[comp.arch] Parity checking ALU's

mark@mips.COM (Mark G. Johnson) (01/18/90)

In article <48540@sgi.sgi.com> rpw3@rigden.UUCP (Robert P. Warnock) writes:
   >
   > ... [gives an example of a PDP-10 CPU failure]
   >
   >ALU parity adds some confidence, but not certainty. And no help in
   >this case.

I'll go farther and get flamed warmer:  ALU PARITY IS A RED HERRING: since
the ALU is typically less than 20% of the hardware of a CPU, parity-izing
it (and nothing else) has near negligible effect on overall system reliability.

Why don't people add parity to the program counter; it's an adder just like
the ALU.  How about the register scoreboard hardware: it's *more* gates than
an adder.  One doesn't often hear of parity on the floating-point execution
units: why is that?  Or the branch target cache/buffer: it consumes more area 
on single-chip CPU's than does the ALU.  Why not parity on the TLB?  Or, worst
of all, why not put parity on the logic that detects an interrupt/exception?

I'll propose an answer: those who put parity on the ALU do so *because it's
easy*.  It's hard to put parity on a TLB; consider the '386's 4-way set
associative TLB and think about the elegance (and on-chip bussing delights)
of hanging parity on that.  Interrupt logic: forget it.
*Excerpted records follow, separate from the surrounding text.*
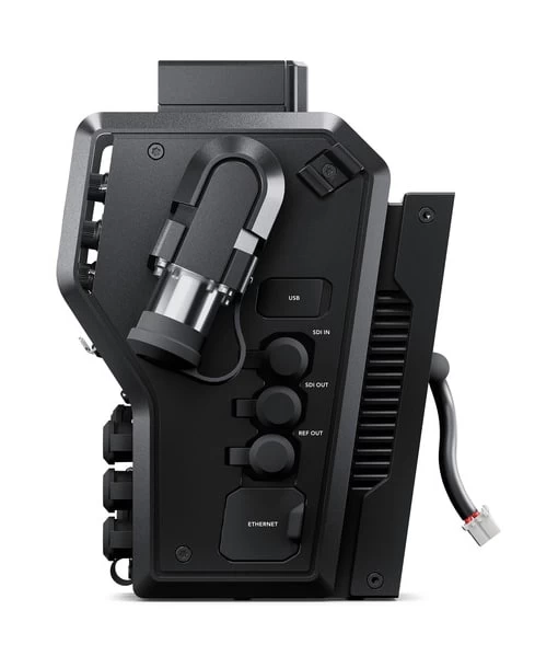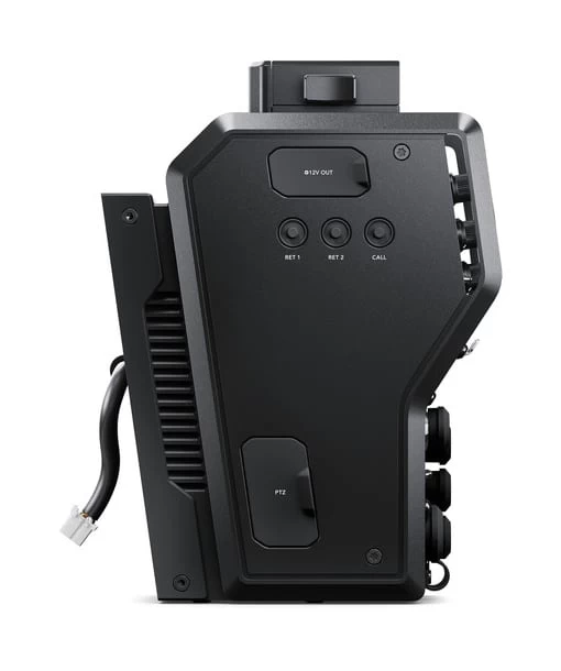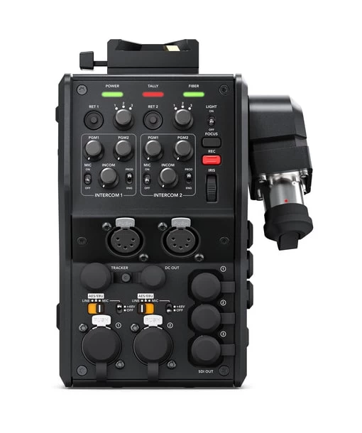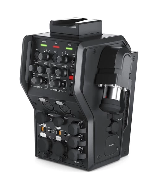 The Blackmagic Design Camera Fiber Converter connects your URSA Broadcast camera to interface with studio infrastructure via SMPTE fiber optic cable and a separately available Studio Fiber Converter for breakout up to 2.5KM away. The converter moves the most common camera controls to the rear of the camera assembly for ease of operator access. Studio-standard connectivity includes talkback headset 5-pin XLR ports, as well as SDI video for monitor output. In total, the Camera Fiber Converter has a single outgoing 12G-SDI connection for HD or UHD 4K video and three incoming 3G-SDI connections for monitoring with a separate studio viewfinder. Use the V-lock at the top to secure the studio viewfinder. All mounting hardware is included for securing the converter to the camera.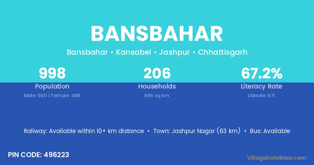 Bansbahar village has a total population of 998 people, of which 500 are males and 498 are females.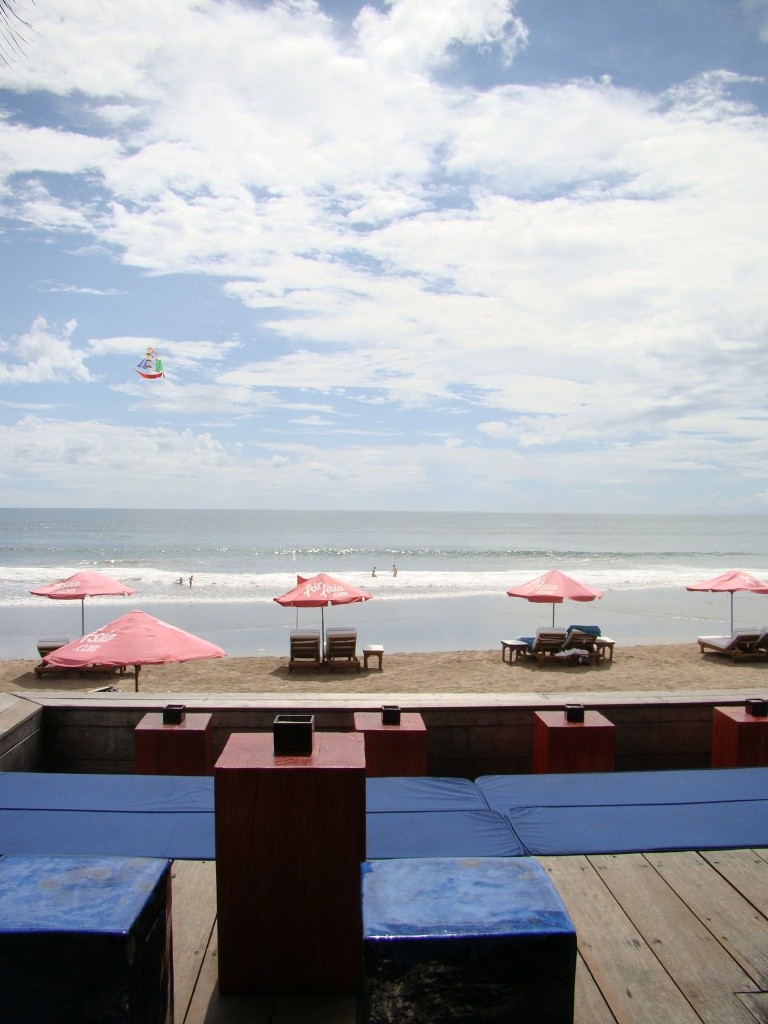 The next day (our last in Seminyak), was a repeat of the previous couple of days. But this time around we checked out a couple of places that Izabel had recommended to us. We stopped at Cafe Bali for lunch and the place immediately drew us in. The wooden colonial-style restaurant was very open (lots of natural light), and its bright country-like decor made it prime for a Country Home or Real Simple magazine shoot. After a yummy lunch we hit the beach again where we also enjoyed drinks at Ku De Ta, Izabel’s other recommendation. The beachfront lounge with a broad view of the ocean seems to have the perfect location. It’s the kind of place that infuses your imagination while gazing into the horizon, sipping on a cold drink and listening to lounge music beats. Not a bad way to spend part of the day, not bad at all.

Summary and lightning rod: Internal logic of CPU's is incredibly difficult
to compute parity on, except for a couple special cases (ALU, registers).
Putting parity on these makes a nice bullet for your marketing slides
but doesn't protect a very large fraction of the potential hw faults.
Other elements of a system are more amenable to protection via (parity, ECC)
{like memories and busses}, so most hw faults in these regions of the
machine can be detected with (parity, ECC).
-- 
 -- Mark Johnson	
 	MIPS Computer Systems, 930 E. Arques, Sunnyvale, CA 94086
	(408) 991-0208    mark@mips.com  {or ...!decwrl!mips!mark}